The math: for training example z and target validation example z*, a one-step Taylor expansion gives the change in loss on z* from training on z as approximately −η · ∇ℓ(z*) ∇ℓ(z). Aligned gradients → loss on target drops → example is helpful. The score becomes Σi cos(∇ℓ(z*; θi), Γ(z; θi)) summed across checkpoints, with Γ being the Adam-adjusted update direction rather than the raw gradient.
4Targeted training. Finally, they train the model entirely from scratch using only the top-ranked data points (typically the top 5%).
No math here — just a standard fine-tuning run, but on the filtered subset rather than the full pool.

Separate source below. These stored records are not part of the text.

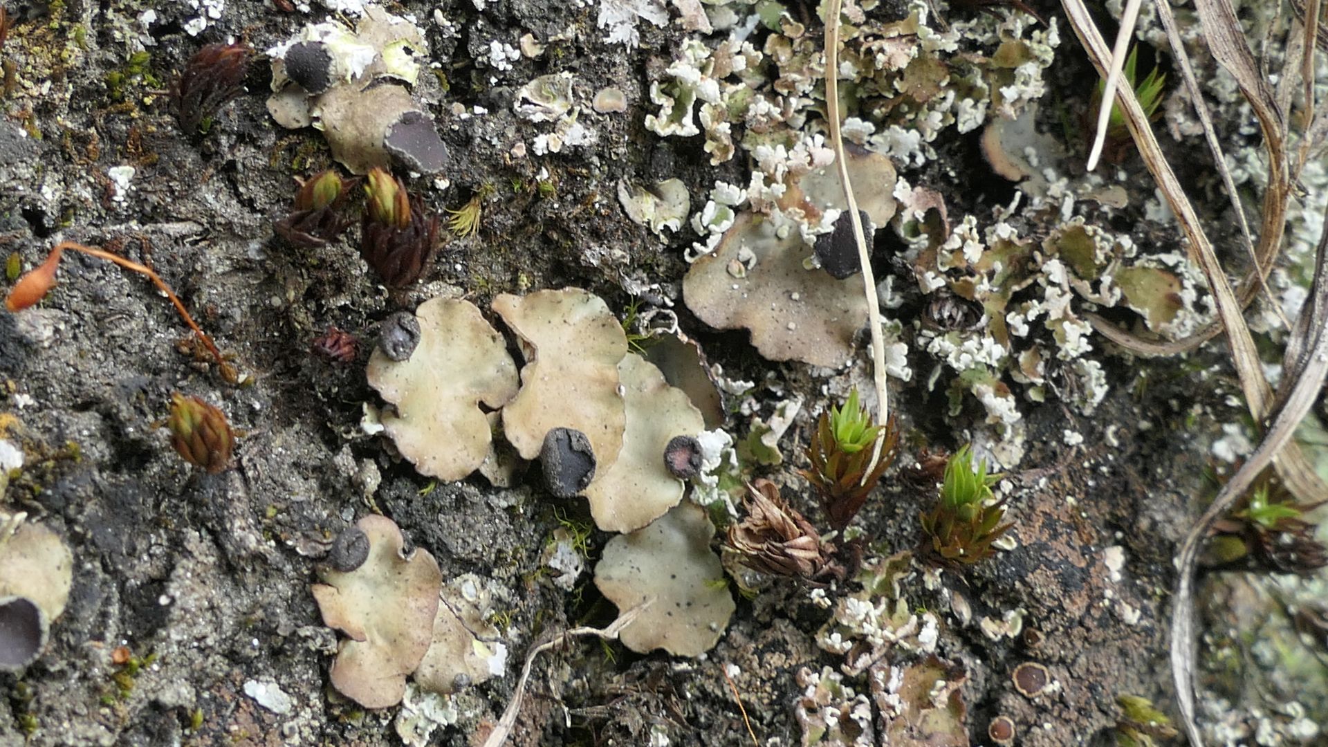 Einige Höhenmeter weiter bei knapp 2300m an der Wegböschung auf Erde: Peltigera venosa.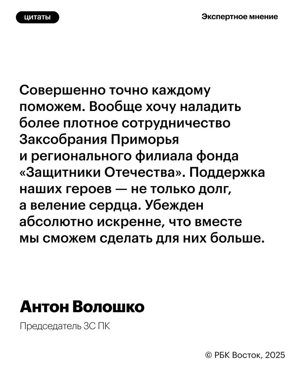 💬 Антон Волошко взял на особый контроль решение вопросов ветеранов СВО и их семей Для эффективности и оперативности реагирования спикер краевого парламента провел первый совместный прием со специалистами регионального филиала Госфонда «Защитники Отечества». В дальнейшем он планирует закрепить эту практику. 😃Подписывайтесь на РБК Восток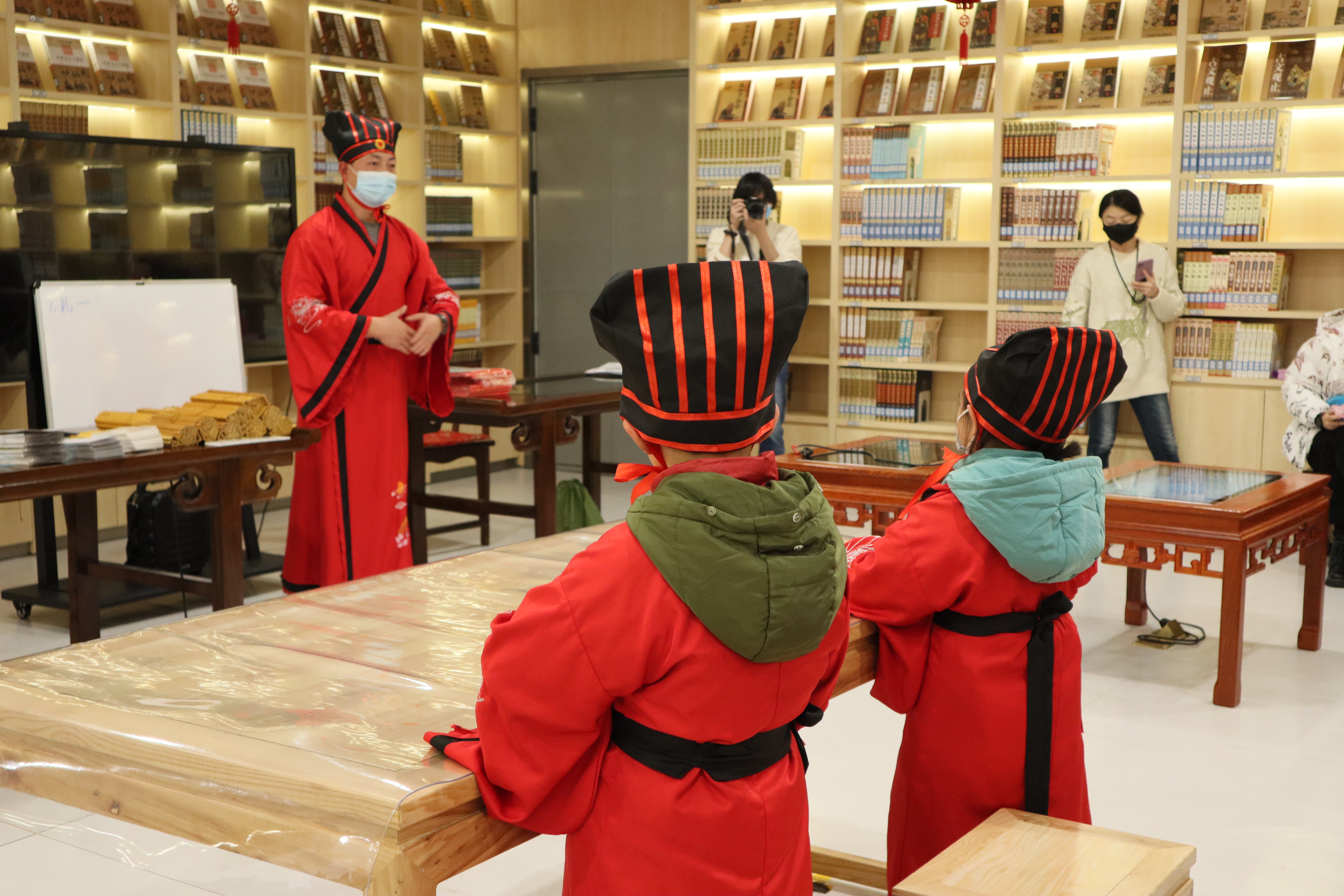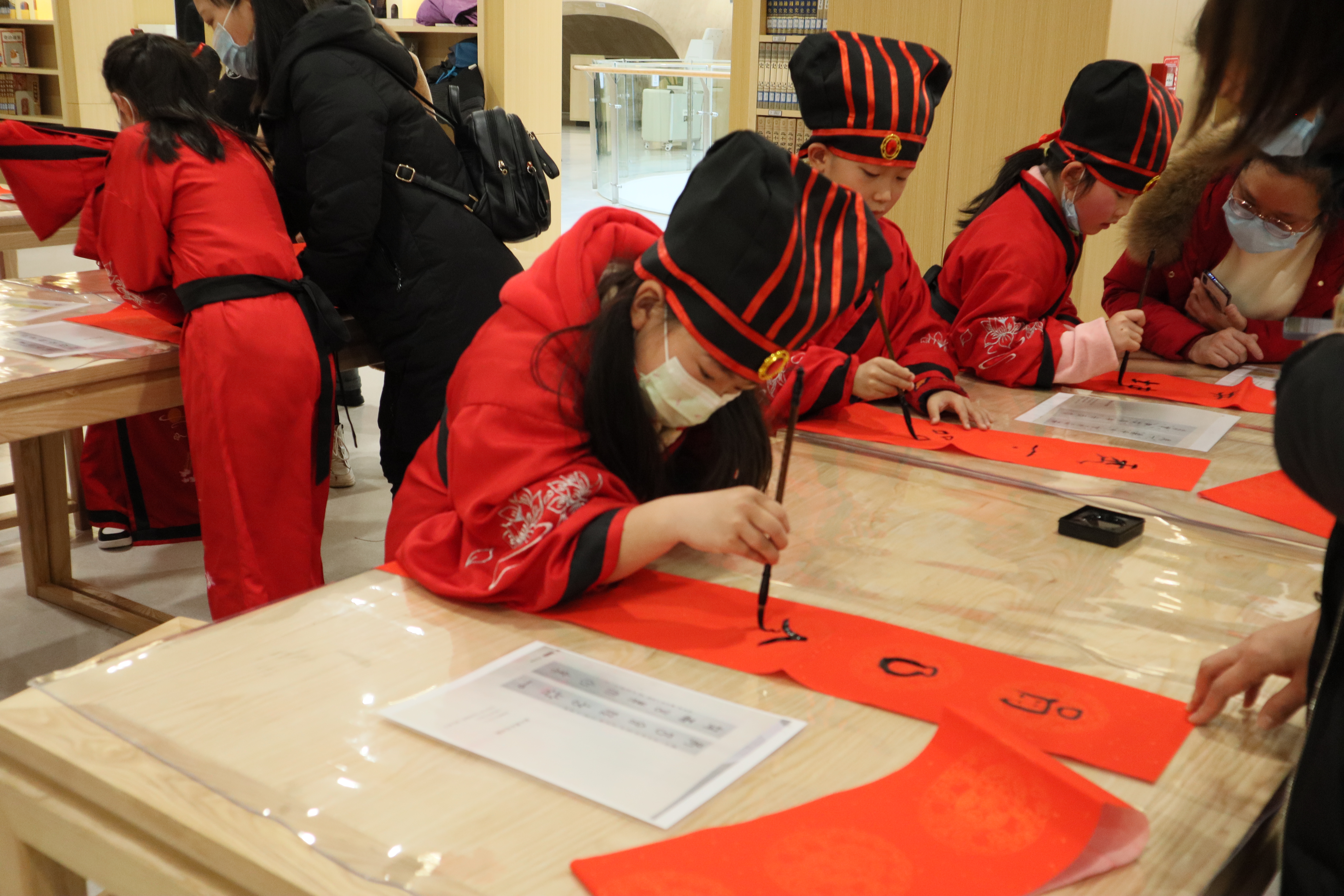 当天活动现场,老师为参加活动的20名同学准备了传统汉服,穿上了汉服的他们跟着老师有模有样地开始了解中国传统礼仪、诵读经典文学、探秘非遗水书魅力,在家长的帮助下,同学们学习了对联的书写并为长辈送上新春祝福,大家都感受到了浓浓的年味。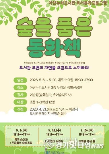[경기핫타임뉴스=김형철 기자] 고양특례시 아람누리도서관이 오는 5월, 어린이들이 책 속 이야기를 자연 현장에서 직접 체험하며 생태 감수성을 키우는 독서문화 프로그램 ‘숲을 품은 동화책’을 운영한다.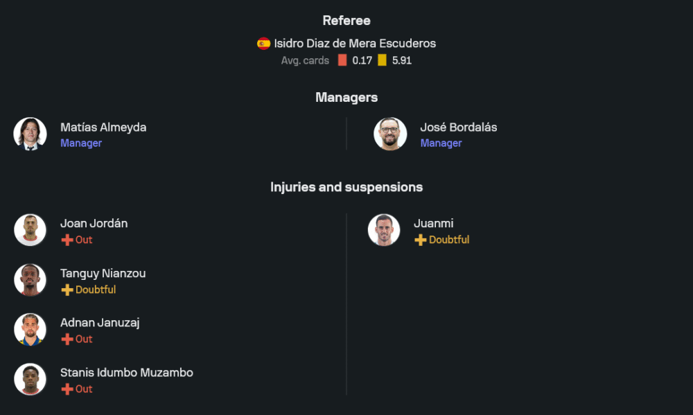 ของกุนซือ มาติอัส อัลเมด้า ยังเจอปัญหาตัวเจ็บเพียบ ไม่ว่าจะเป็น โฆอัน จอร์ดาน, อัดนาน ยานาซาย, สตานิส อิดุมโบ และ ต็องกีย์ นิอองซู ที่ยังไม่ฟิตเต็มร้อย แต่ยังดีที่มีตัวหลักพร้อมประจำการทั้ง เนมานย่า กูเดลย์, ลูเซียง อากูเม่ และ โดดี้ ลูเกบากิโอ ในแผน 4-2-3-1 ส่วนหน้าเป้ายังฝากความหวังไว้กับ อากอร์ อดัม ที่พร้อมจบสกอร์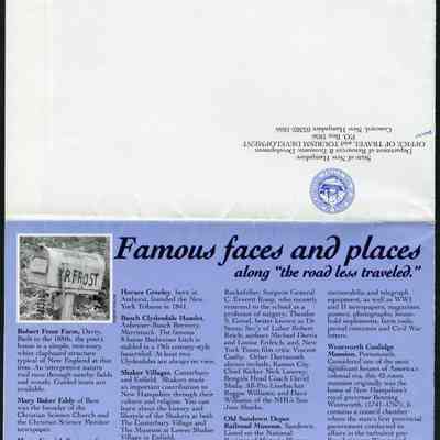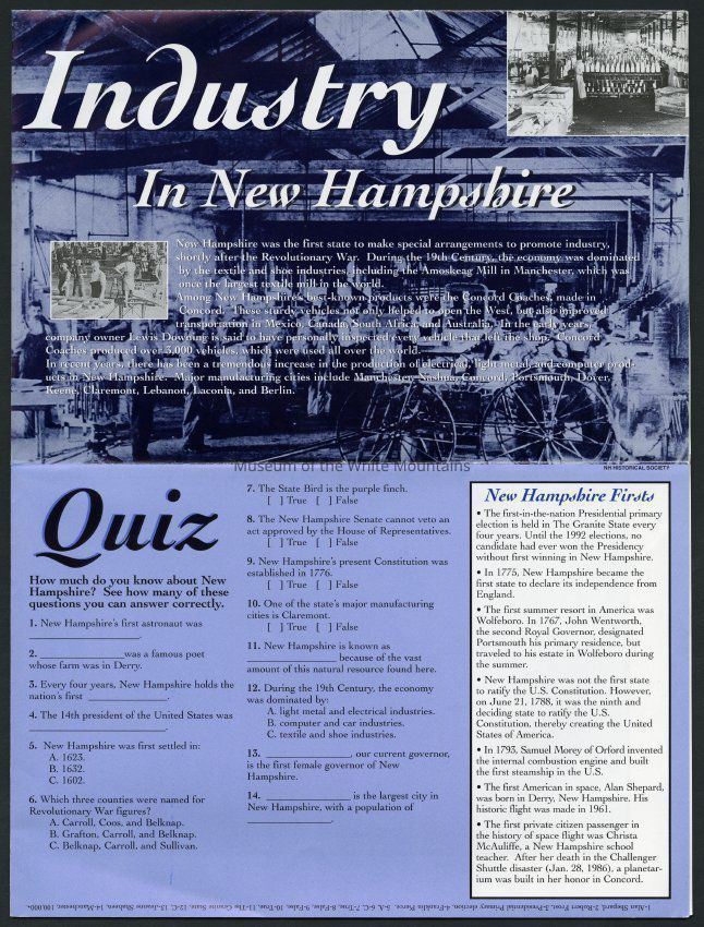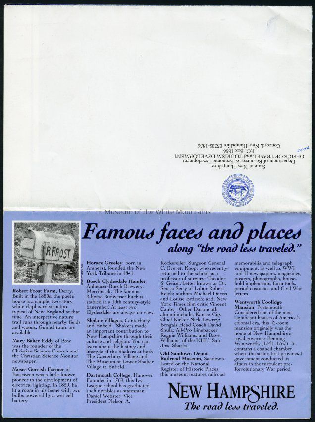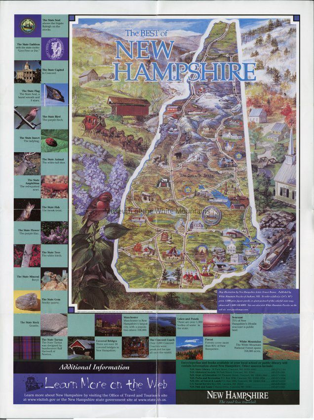 New Hampshire (United States : state), New Castle (Rockingham county, New Hampshire : inhabited place), New Hampshire Historical Society, Concord Coach, Mount Washington Hotel (Coos county, New Hampshire : inhabited place), Cannon Mountain (Grafton county, New Hampshire : peak), Cannon Mountain Aerial Tramway, Santa's Village (Coos county, New Hampshire : amusement park), Clark's Trading Post (Grafton county, New Hampshire : amusement park), Story Land (Carroll county, New Hampshire : inhabited place), Mount Washington Cog Railway, Mount Washington Auto Road, Mount Washington Observatory (Coos county, New Hampshire : inhabited place), Flume, The (Grafton county, New Hampshire : valley), New England Ski Museum (Grafton county, New Hampshire : museum), Polar Caves (Grafton county, New Hampshire : cave), Conway Scenic Railroad (Carroll county, New Hampshire : railroad station), Loon Mountain Resort (Grafton county, New Hampshire : inhabited place), Wildcat Mountain (Coos county, New Hampshire : peak), State of New Hampshire, Department of Resources and Economic Development, Office of Travel and Tourism Development, Mount Washington Auto Road (Coos county, New Hampshire : road)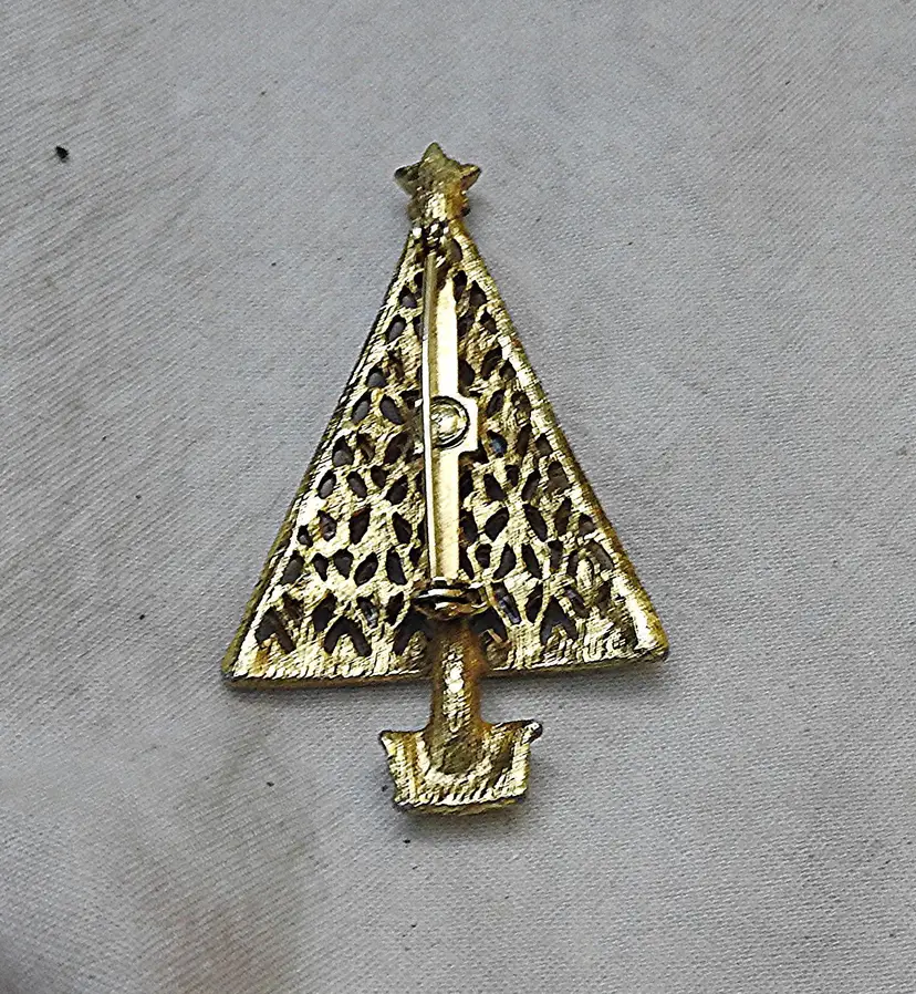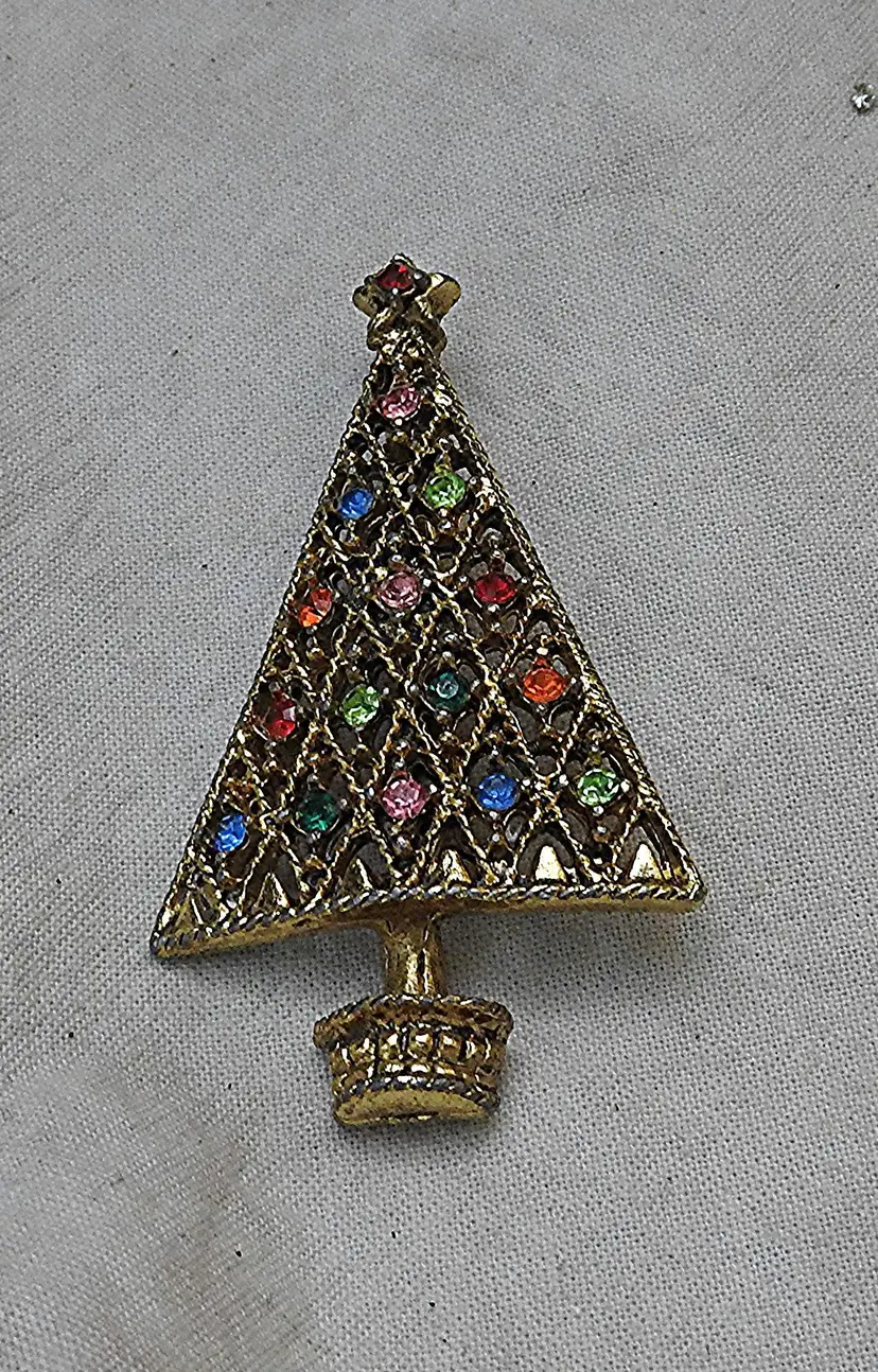 Set in goldtone, this tree has multi colored rhinestones Measures 2 1/4" x 1 1/4" Condition is excellent, working closure, no missing rhinestones Unsigned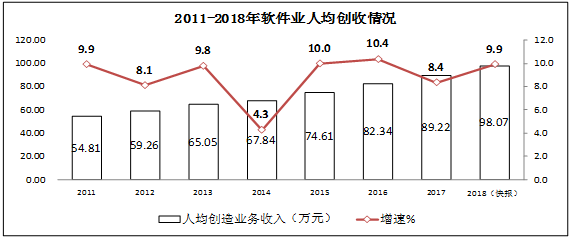 盈利能力稳步提升。经初步统计,2018年软件和信息技术服务业实现利润总额8079亿元,同比增长9.7%;行业人均创造业务收入98.06万元,同比增长9.6%,高质量发展成效初显。
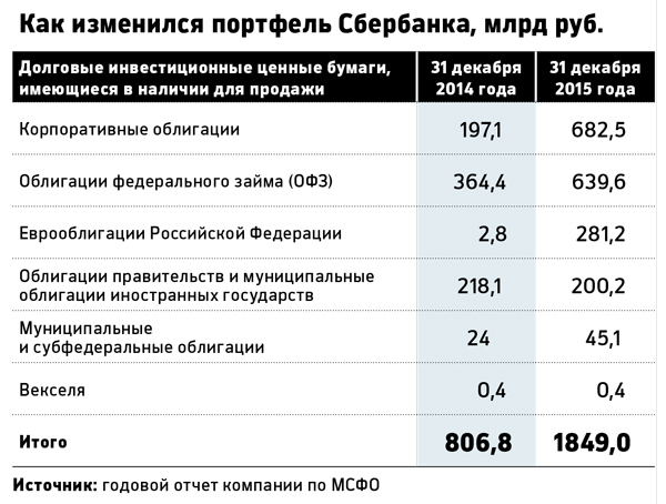 Суммарный объем портфеля ценных бумаг Сбербанка за 2015 год вырос почти на треть — с 2,2 трлн до 2,9 трлн руб., следует из банка отчетности по МСФО, опубликованной во вторник, 15 марта. Наиболее заметно росла доля корпоративных облигаций. Так, объем облигаций в портфеле бумаг, имеющихся для продажи, вырос с 806,8 млрд до 1,85 трлн руб., причем наиболее значительными темпами росла доля корпоративных облигаций и суверенных евробондов РФ. С начала года объем корпоративных облигаций в этом портфеле увеличился с 197 млрд до 682 млрд руб., евробондов — с 2,8 млрд до 281 млрд руб., ОФЗ — с 364 млрд до 639 млрд руб.
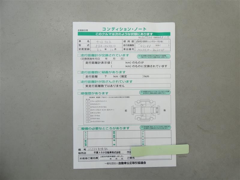 詳細及び現状の車両状態につきましては、店舗スタッフまでお尋ねください。 - 注2)上記と同様の評価点・状態表を「車両検査証明書」として店舗の展示車両に搭載しております。

Why LESS is a breakthrough

Two findings worth highlighting

Less is more. The paper shows that training a model on just the top 5% of data selected by LESS often results in a smarter model than if we had trained it on 100% of the data. Trimming the fat improves focus — the discarded 95% wasn't neutral, it was actively pulling the model in directions irrelevant to the target task.

Transferability. A supercomputer is not required to run LESS. We can use a smaller, cheaper model (like a 7-billion parameter model) to calculate the gradients and select the top 5% of data. We can then use that carefully curated 5% to train a massive, state-of-the-art model (like a 70-billion parameter model) from a completely different family, and the selected data remains highly effective. The selection signal lives in the data, not in the scorer model.

LESS picks training examples whose gradient points in the same direction as the gradient of the target task — because that is mathematically the same as picking examples whose training step will reduce loss on the target.